Subject: [PATCH] KVM: selftests: replace assertion with warning in access_tracking_perf_test

Page_idle uses {ptep/pmdp}_clear_young_notify which in turn calls
the mmu notifier callback ->clear_young(), which purposefully
does not flush the TLB.

When running the test in a nested guest, point 1. of the test
doc header is violated, because KVM TLB is unbounded by size
and since no flush is forced, KVM does not update the sptes
accessed/idle bits resulting in guest assertion failure.

More precisely, only the first ACCESS_WRITE in run_test() actually
makes visible changes, because sptes are created and the accessed
bit is set to 1 (or idle bit is 0). Then the first mark_memory_idle()
passes since access bit is still one, and sets all pages as idle
(or not accessed). When the next write is performed, the update
is not flushed therefore idle is still 1 and next mark_memory_idle()
fails.

Signed-off-by: Emanuele Giuseppe Esposito <[email protected]>
---
.../selftests/kvm/access_tracking_perf_test.c | 25 ++++++++++++-------
1 file changed, 16 insertions(+), 9 deletions(-)

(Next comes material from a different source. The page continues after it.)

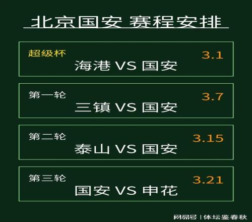而新赛季联赛赛程也陆续在网上传开,看完前三轮对阵的形势,不少球迷第一反应是强度真不低。3月7日,国安在客场对阵武汉三镇,3月15日再到客场挑战山东泰山,3月21日回到主场迎战上海申花。再算上超级杯面对海港,新赛季的前四场比赛就是硬仗。
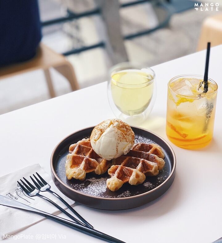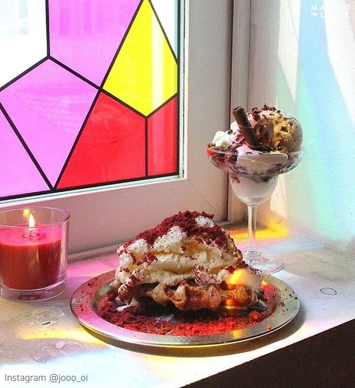 여기서는 레드벨벳 크로플을 맛볼 수 있는데요. 시원한 아이스크림 위에 레드벨벳 파우더가 올라가 마치 몽글몽글 티라미수를 먹는듯한 느낌이에요. 을지로에서 크로플을 찾는다면 베로나에 들려보세요!

diff --git a/tools/testing/selftests/kvm/access_tracking_perf_test.c b/tools/testing/selftests/kvm/access_tracking_perf_test.c
index 1c2749b1481a..87b0bd5ebc65 100644
--- a/tools/testing/selftests/kvm/access_tracking_perf_test.c
+++ b/tools/testing/selftests/kvm/access_tracking_perf_test.c
@@ -31,8 +31,9 @@
* These limitations are worked around in this test by using a large enough
* region of memory for each vCPU such that the number of translations cached in
* the TLB and the number of pages held in pagevecs are a small fraction of the
- * overall workload. And if either of those conditions are not true this test
- * will fail rather than silently passing.
+ * overall workload. And if either of those conditions are not true (for example
+ * in nesting, where TLB size is unlimited) this test will print a warning
+ * rather than silently passing.
*/
#include <inttypes.h>
#include <limits.h>
@@ -172,17 +173,23 @@ static void mark_vcpu_memory_idle(struct kvm_vm *vm,
vcpu_idx, no_pfn, pages);

/*
- * Test that at least 90% of memory has been marked idle (the rest might
- * not be marked idle because the pages have not yet made it to an LRU
- * list or the translations are still cached in the TLB). 90% is
+ * Check that at least 90% of memory has been marked idle (the rest
+ * might not be marked idle because the pages have not yet made it to an
+ * LRU list or the translations are still cached in the TLB). 90% is
* arbitrary; high enough that we ensure most memory access went through
* access tracking but low enough as to not make the test too brittle
* over time and across architectures.
+ *
+ * Note that when run in nested virtualization, this check will trigger
+ * much more frequently because TLB size is unlimited and since no flush
+ * happens, much more pages are cached there and guest won't see the
+ * "idle" bit cleared.
*/
- TEST_ASSERT(still_idle < pages / 10,
- "vCPU%d: Too many pages still idle (%"PRIu64 " out of %"
- PRIu64 ").\n",
- vcpu_idx, still_idle, pages);
+ if (still_idle < pages / 10)
+ printf("WARNING: vCPU%d: Too many pages still idle (%"PRIu64 "
+ out of %" PRIu64 "), this will affect performance results
+ .\n",
+ vcpu_idx, still_idle, pages);

close(page_idle_fd);
close(pagemap_fd);
--
2.31.1


2022-09-27 12:42:01

by Paolo Bonzini

[permalink] [raw]
Subject: Re: [PATCH] KVM: selftests: replace assertion with warning in access_tracking_perf_test

On 9/26/22 10:29, Emanuele Giuseppe Esposito wrote:
> Page_idle uses {ptep/pmdp}_clear_young_notify which in turn calls
> the mmu notifier callback ->clear_young(), which purposefully
> does not flush the TLB.
>
> When running the test in a nested guest, point 1. of the test
> doc header is violated, because KVM TLB is unbounded by size
> and since no flush is forced, KVM does not update the sptes
> accessed/idle bits resulting in guest assertion failure.
>
> More precisely, only the first ACCESS_WRITE in run_test() actually
> makes visible changes, because sptes are created and the accessed
> bit is set to 1 (or idle bit is 0). Then the first mark_memory_idle()
> passes since access bit is still one, and sets all pages as idle
> (or not accessed). When the next write is performed, the update
> is not flushed therefore idle is still 1 and next mark_memory_idle()
> fails.

Queued, thanks.

Paolo